When you sleep, your body does the majority of its repairs and recovering, and according to a study published in Behavioral Medicine, optimistic individuals tend to sleep longer and better. Researchers hypothesize that optimists may interpret stressful events in more positive ways and are more likely to use problem-focused coping strategies, helping reduce their worries when trying to sleep.

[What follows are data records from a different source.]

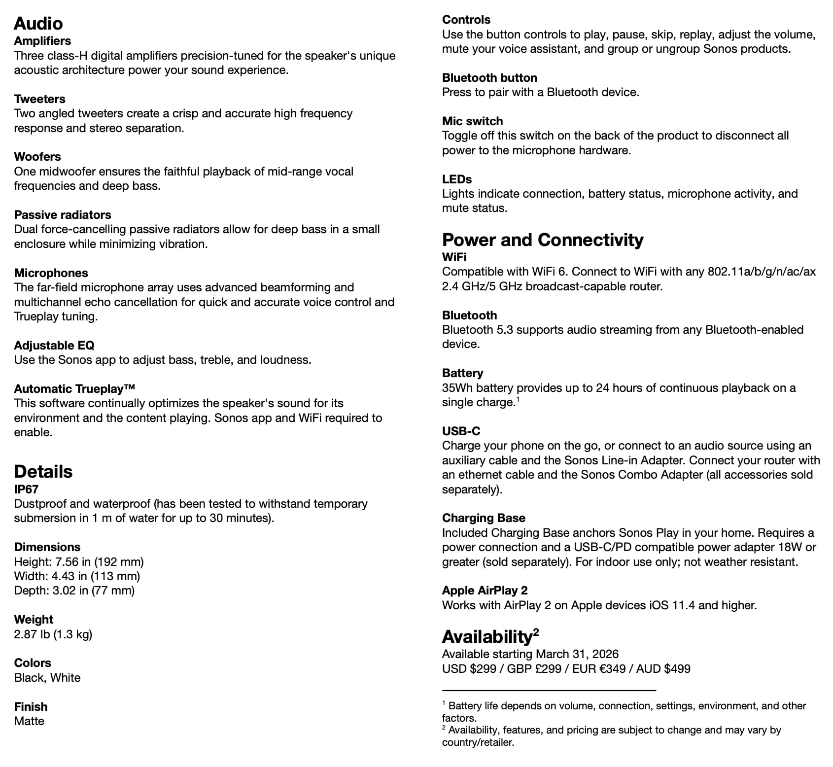 Sonos Era 100 SL og Sonos Play specifikationer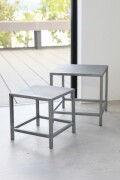 シルバーの金属的な質感や光沢は、光を反射し空間を明るく見せてくれます スッキリしたロースタンドは、高さのない観葉植物などのプランターやオブジェなどに最適です
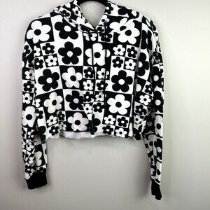 Wildfable black white 70s daiseys crop pull over size medium
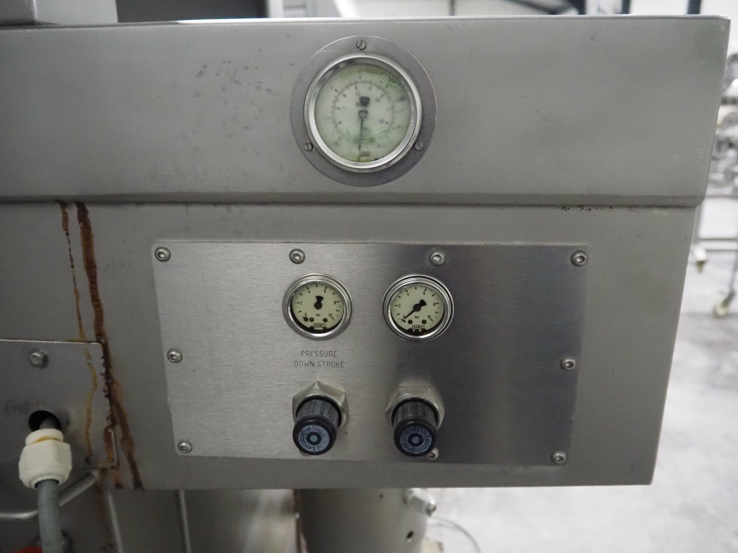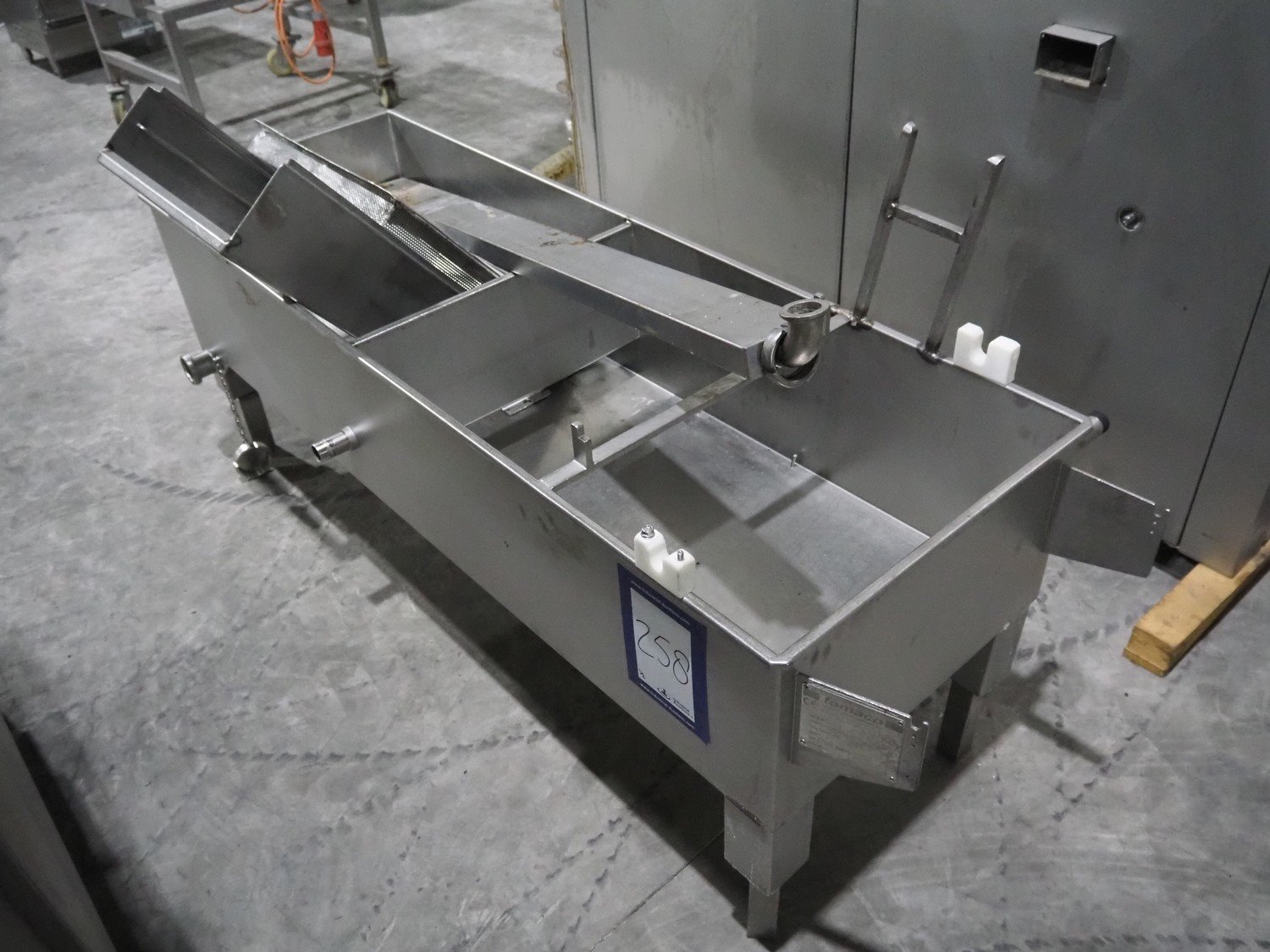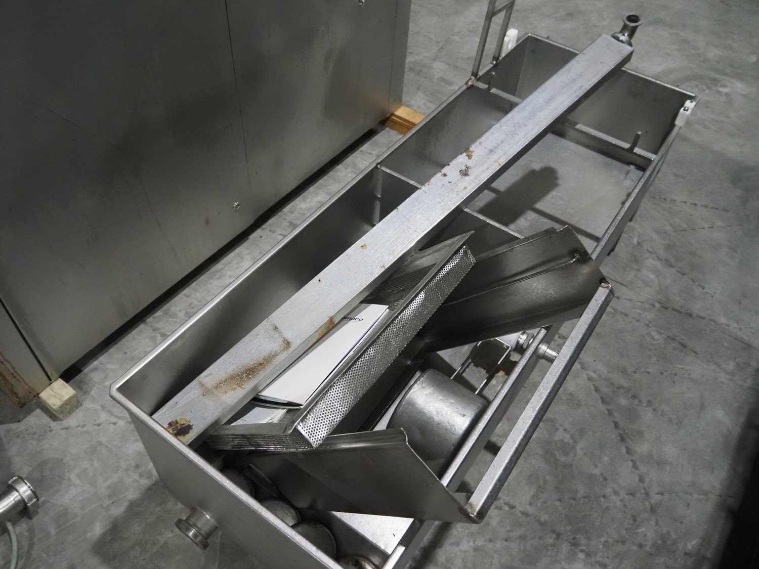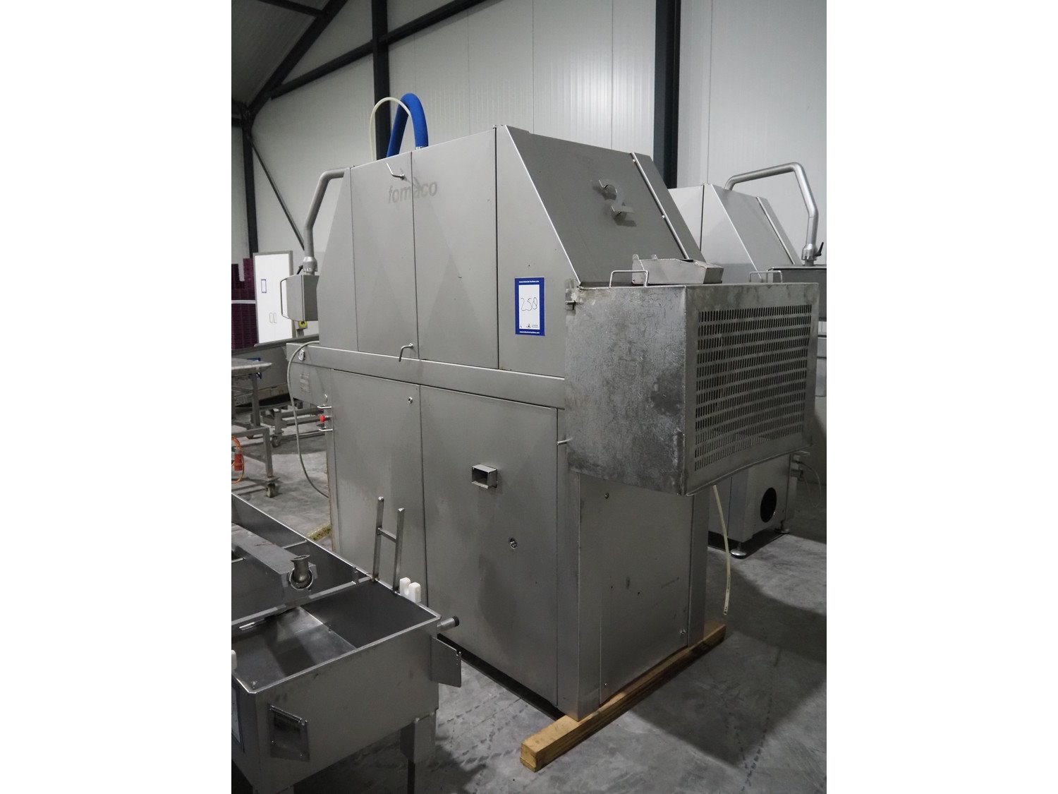 Fomaco A/S injector, model: FGM 64F SW, machine number: 7897 1999, year of construction: 1999, 400 V, 3 Ph, 50 Hz, 18/32 A, 6 bar, s/s walking beam width: 540 mm, clearance: 540 mm x 150 mm, total dimensions: 1680 mm x 850 mm x 2220 mm. Including Fomaco A/S mobile filter tub, model: PFS 5/225 ROS, machine number: 8720, year of construction: 2001, dimensions: 1800 mm x 620 mm x 920 mm. Filter tub is incomplete. Kavel locatie: Langereijt 29A, 5091 JP Middelbeers, Nederland

You May Rebound Faster From Setbacks

“When optimistic people encounter negative events, they tend to view the causes of those events as temporary and external rather than personal, which can help them cope more effectively,” says Lewina O. Lee, Ph.D., assistant professor of psychiatry at Boston University School of Medicine. For example, if you fall short of an exercise goal, you’ll be less likely to blame yourself and will have an easier time getting back on track without dwelling on your failures.

You May Live Longer

In a study from the journal Proceedings of the National Academy of Sciences, researchers found that optimism could extend your life span by 11 to 15 percent. Optimists also had a greater chance of living to age 85 or beyond largely because they were more likely to engage in healthier habits. This gives you more time to tick off those items on your active bucket list.

1, 2, 3—Optimism!

Even if you’re working hard to see the good, not every day will be unicorns and rainbows. When those pessimistic moments start to creep in, shift back into a positive gear with these three steps:

  1. Notice your thoughts. How often are you focusing on the good versus the bad? “By noticing this, you can become more deliberate about where and how you focus your energy,” Cira says.
  2. Move from thinking to feeling. Once you notice that you’re feeling sad, angry, disappointed, or frustrated, allow yourself to feel those emotions. Often writing, yelling or crying about it can help you accept your feelings, and they will cease to be on an endless mental replay.
  3. Take a step back. In most cases when you’re spiraling, you’re not being rational. “By forcing yourself to be objective, you’re likely to find that the situation isn’t as dire as you thought,” Cira says. Giving yourself a little perspective also allows you to assess and possibly even correct the issue without being overly emotional and reactive.

All that being said, becoming an optimist does not mean that you can’t feel sad, angry, frustrated or disappointed. Nor should you try to force yourself to be positive about absolutely everything because it can minimize how you feel. “It’s not the end-all-be-all solution for every problem, but being optimistic is a tool for living a more meaningful life,” Cira says.